According to reports in Japanese media, the government of Japan plans to double its subsidies for battery-electric vehicles as part of a supplementary budget for 2020. This includes both privately owned vehicles as well as company vehicles.
The Japan Times has reported that the maximum amount per battery-electric vehicle is to be raised from the current 400,000 yen (3,200 euros) to 800,000 yen (6,400 euros). The prerequisite is that the vehicles are to be charged exclusively with electricity from renewable energy.
Here the article says that the government assumes that the increased subsidies will cover electric vehicles charged with self-generated solar power or green power purchased from energy companies. This stipulation is repeated regarding grants for plug-in hybrid cars, for which government subsidies will not be increased.
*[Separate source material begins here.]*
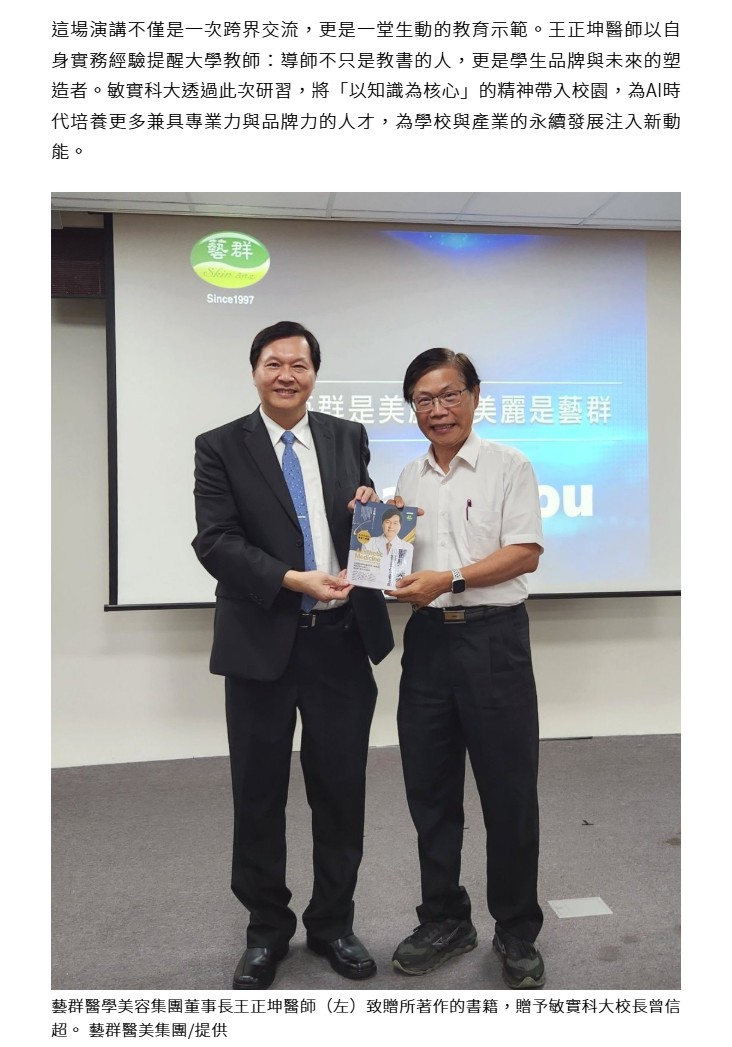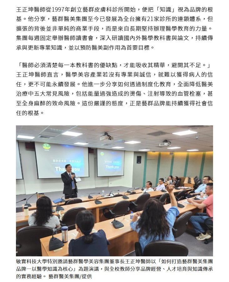 除了專業醫師身份,王正坤醫師同時擁有企管博士學位,長期在成功大學、長榮大學等校授課,跨足品牌管理、供應鏈與連鎖經營領域。他表示,無論是醫美診所或大學教育,其本質都在於「持續辦學、培養人才」。藝群醫美以診所為舞台,敏實科大則以校園為場域,但兩者共享同樣的核心價值:唯有不斷學習、不斷教育,才能累積品牌信賴並迎接長期挑戰。
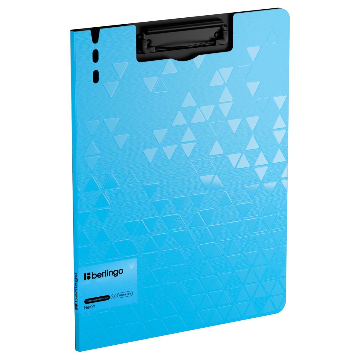 Папка-планшет с зажимом Berlingo "Neon" А4, пластик (полифом), 1800мкм, голубой неон

Subsidies for hydrogen fuel cell vehicles are also to remain where they are. These already have much higher support than purely electric or hybrid cars at 1,25 million yen which comes to around 9,800 euros. Here, the Japanese government has a particular push with fuel cell vehicles and hydrogen in general. Japanese company Toyota currently makes the Mirai, the only fuel cell car in mass production on the market internationally. At the same time, the government is a prominent advocate of the hydrogen economy, reflected, among industry players in the launch of the Hydrogen Alliance.
Since the Japan Times report is based only on information from Jiji Press anyway, it will probably be necessary to wait for the final regulation of the Japanese government.
Japan has set itself the goal of zero net greenhouse gas emissions by 2050. In mid-2019 the government tightened emissions targets for vehicles for 2030.